From the editor in chief

Jul 1, 2000

Let there be light,” a voice said. And there was light. At least there was in part of the telecommunications network backbone-the many-headed beast that delivers our telephone, fax and Internet services. The problem is that fiber optics have thus far been installed in only part of the system. As soon as the light reaches the big network hubs where it is switched, the signal must be converted to electrons. Electronic switches are bulky, expensive and, by the standards of light-speed, slow. But until now, there haven’t been any optical switches small and fast enough to replace them. This bottleneck is going to become tighter and tighter as our appetite for big-bandwidth applications such as video-on-demand grows.

It’s obvious that whoever develops the first reliable all-optical switch is going to cash in. Which is why Lucent, Nortel, Agilent, Corning and a host of startups are hustling to make optical switches. The first commercial versions are reaching the market now-and the markets are taking notice. The day Agilent unveiled its prototype optical switch, the company’s stock rose by 47 percent.

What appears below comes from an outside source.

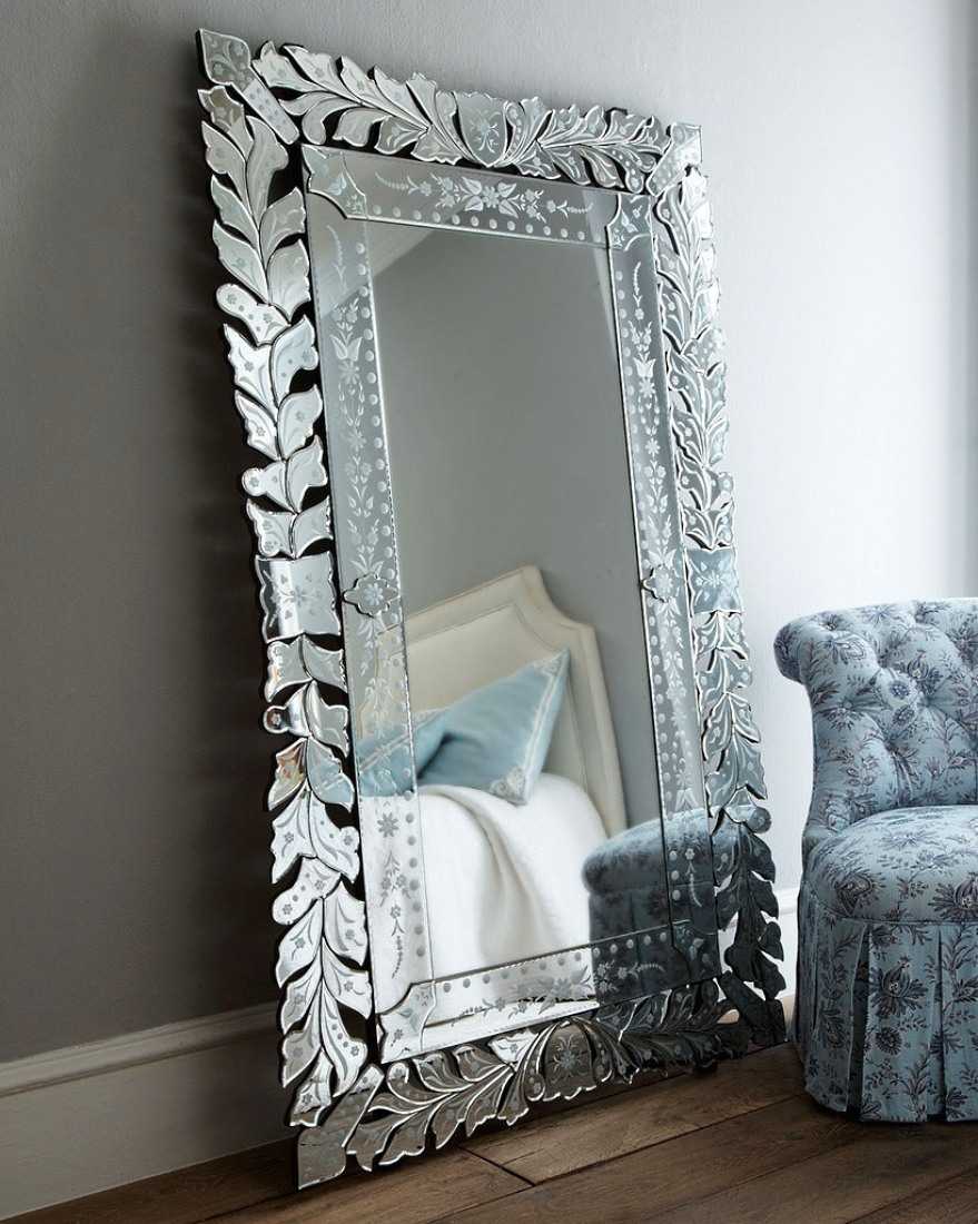 Обычно такие зеркала имеют большой вес и повесить на стену в гостиную его не получится. Необходимо размещение на полу.

TR readers should take note that this exuberance, unlike the dot-com mania, is not irrational. Indeed, the optical switches being developed for telecommunications are only the first step in the “Microphotonics Revolution,” as Peter Fairley reports. After breaking the bottleneck in the telecom backbone, the next step is likely to be extending optical switching to the routers that send our e-mail hither and yon. The result: an all-optical Internet significantly faster than the one we know.

After that, the changes are likely to be on a smaller scale: inside your computer. Over the last couple of decades the processing units inside computers have gained so much speed that they’re outrunning the capacity of the wires connecting them to their memory units. These “interconnects” have now become a bottleneck not unlike the one in the telecommunications system. And the solution may be the same: replace electrons with photons. A further wave of the Microphotonics Revolution could be a healthy dose of optical communication injected into the computer itself, with attendant benefits in speed.

We think the Microphotonics Revolution is a key area to watch in the next decade, and you can be sure that as the revolution progresses, Technology Review will give you a close-up view. As Fairley has done in his article, we will continue to identify the main technologies, tell you the most important corporate and academic players, and lay out a timescale for specific developments. More light!